Every child has the right to expect the world that he will be a part of to be better than the world his parents were a part of when they were children. Children have the right to expect their parents to make the world better for the next generation. Every child has the right to know that there will be a future for him to grow into, and that he can be an active and important part of it.

You will have the responsibility to make the world better for your own children.

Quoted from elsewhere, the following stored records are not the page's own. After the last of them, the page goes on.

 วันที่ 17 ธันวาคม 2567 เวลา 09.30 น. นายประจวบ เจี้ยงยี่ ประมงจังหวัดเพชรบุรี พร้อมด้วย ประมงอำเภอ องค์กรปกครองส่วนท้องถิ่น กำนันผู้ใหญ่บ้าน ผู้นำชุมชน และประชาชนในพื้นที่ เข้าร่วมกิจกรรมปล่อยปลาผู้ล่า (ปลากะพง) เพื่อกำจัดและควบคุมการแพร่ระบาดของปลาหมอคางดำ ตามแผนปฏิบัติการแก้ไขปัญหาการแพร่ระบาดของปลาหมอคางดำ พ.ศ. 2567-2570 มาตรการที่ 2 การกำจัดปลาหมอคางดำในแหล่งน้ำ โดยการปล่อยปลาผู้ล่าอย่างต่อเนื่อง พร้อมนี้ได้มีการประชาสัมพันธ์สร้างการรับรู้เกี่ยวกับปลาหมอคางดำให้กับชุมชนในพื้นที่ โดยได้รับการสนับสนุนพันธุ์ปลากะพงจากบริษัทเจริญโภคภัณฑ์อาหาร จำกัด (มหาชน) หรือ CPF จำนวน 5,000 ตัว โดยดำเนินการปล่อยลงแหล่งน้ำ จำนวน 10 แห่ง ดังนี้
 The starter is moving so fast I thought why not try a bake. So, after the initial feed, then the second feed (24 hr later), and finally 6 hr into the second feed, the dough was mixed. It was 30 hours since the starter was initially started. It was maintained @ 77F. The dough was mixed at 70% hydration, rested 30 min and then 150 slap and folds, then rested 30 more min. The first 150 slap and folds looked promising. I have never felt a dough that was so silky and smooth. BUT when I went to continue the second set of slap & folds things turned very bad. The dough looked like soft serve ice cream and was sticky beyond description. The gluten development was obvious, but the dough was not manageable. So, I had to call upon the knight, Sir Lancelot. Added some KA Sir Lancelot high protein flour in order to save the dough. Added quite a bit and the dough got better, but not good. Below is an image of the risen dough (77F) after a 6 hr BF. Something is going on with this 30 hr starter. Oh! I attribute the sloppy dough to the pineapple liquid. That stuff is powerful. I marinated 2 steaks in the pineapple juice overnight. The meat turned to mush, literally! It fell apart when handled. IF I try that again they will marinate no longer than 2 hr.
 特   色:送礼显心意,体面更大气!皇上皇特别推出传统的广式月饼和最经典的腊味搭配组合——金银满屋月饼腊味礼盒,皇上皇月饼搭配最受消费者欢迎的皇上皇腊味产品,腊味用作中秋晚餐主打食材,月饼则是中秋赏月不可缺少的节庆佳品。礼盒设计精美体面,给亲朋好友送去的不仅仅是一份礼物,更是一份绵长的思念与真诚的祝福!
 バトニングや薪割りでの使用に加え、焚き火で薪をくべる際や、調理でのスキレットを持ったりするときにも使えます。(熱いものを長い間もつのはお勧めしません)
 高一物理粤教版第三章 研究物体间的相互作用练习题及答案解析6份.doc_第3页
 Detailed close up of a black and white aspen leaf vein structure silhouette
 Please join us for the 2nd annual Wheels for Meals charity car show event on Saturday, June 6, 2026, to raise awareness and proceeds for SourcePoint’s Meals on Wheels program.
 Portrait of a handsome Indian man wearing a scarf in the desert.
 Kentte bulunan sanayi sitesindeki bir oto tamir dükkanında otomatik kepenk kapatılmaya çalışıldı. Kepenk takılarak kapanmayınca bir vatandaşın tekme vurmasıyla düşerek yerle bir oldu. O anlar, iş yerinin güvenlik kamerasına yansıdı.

There’s a lot of talk in these articles directed at parents, enjoining them to… Read Entire Article…

 

2 comments for “Children’s Bill of Rights – Right to Inherit A Better World – Children’s Responsibilities

  1. September 22, 2013 at 6:05 pm

    Is this the same bill or rights that the United Nations is trying to get the USA to sign? I read your bill or rights and it looks similar. I won’t be signing the petition because children should not have the right to hang out with whoever they wish. I have raised 5 children to adulthood, all homeschooled and now my late in life child who is now 11. We also homeschool him and always have. When some of my kids were teenagers I did not allow them to hang out with kids who took drugs, stole cars or joined gangs. I see in your association section it says to use discretion but you don’t clarify in what circumstances a parent can use their judgment or not.

    I also don’t believe that anyone under the age of 21 should vote. Even people over 21 don’t even understand the issues they vote on. Most don’t even know the branches of the government, etc.

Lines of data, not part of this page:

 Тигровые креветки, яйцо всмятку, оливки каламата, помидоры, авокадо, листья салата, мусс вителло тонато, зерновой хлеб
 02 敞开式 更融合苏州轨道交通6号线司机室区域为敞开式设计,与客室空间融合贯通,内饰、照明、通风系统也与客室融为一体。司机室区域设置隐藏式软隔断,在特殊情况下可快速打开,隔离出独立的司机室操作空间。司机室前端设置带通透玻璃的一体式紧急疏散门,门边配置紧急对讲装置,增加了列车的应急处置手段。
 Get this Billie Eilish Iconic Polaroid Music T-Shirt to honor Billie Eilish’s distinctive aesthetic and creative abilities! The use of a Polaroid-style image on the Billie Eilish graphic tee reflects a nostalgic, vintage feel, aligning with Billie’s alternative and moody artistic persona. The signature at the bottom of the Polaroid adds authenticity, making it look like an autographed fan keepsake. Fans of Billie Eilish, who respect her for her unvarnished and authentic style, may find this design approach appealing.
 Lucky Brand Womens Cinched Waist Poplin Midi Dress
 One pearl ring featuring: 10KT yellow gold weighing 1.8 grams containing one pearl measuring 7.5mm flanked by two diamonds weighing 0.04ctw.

    I like some of your CTT curriculum and we use them. But I don’t support a children’s bill or rights. The state of Washington tried that once and it was a disaster with too many kids being taken out of their homes and put into foster care. I knew of one teen who wanted to date a boy, her parents said no, she complained to her school counselor and was removed from her home. To this day she is very sorry she ever told the counselor. Now she is a mother with her own children. But it was horrible to live in foster care. Another boy did not want to go to church with his family. The judge removed him from the home because 3 hours a week of church according to the judge was “excessive”. He lived to age 18 in foster care. How sad. These kinds of rights are always open to interpretation. I am all about parental rights. It is the parental rights bill that I want to see pass.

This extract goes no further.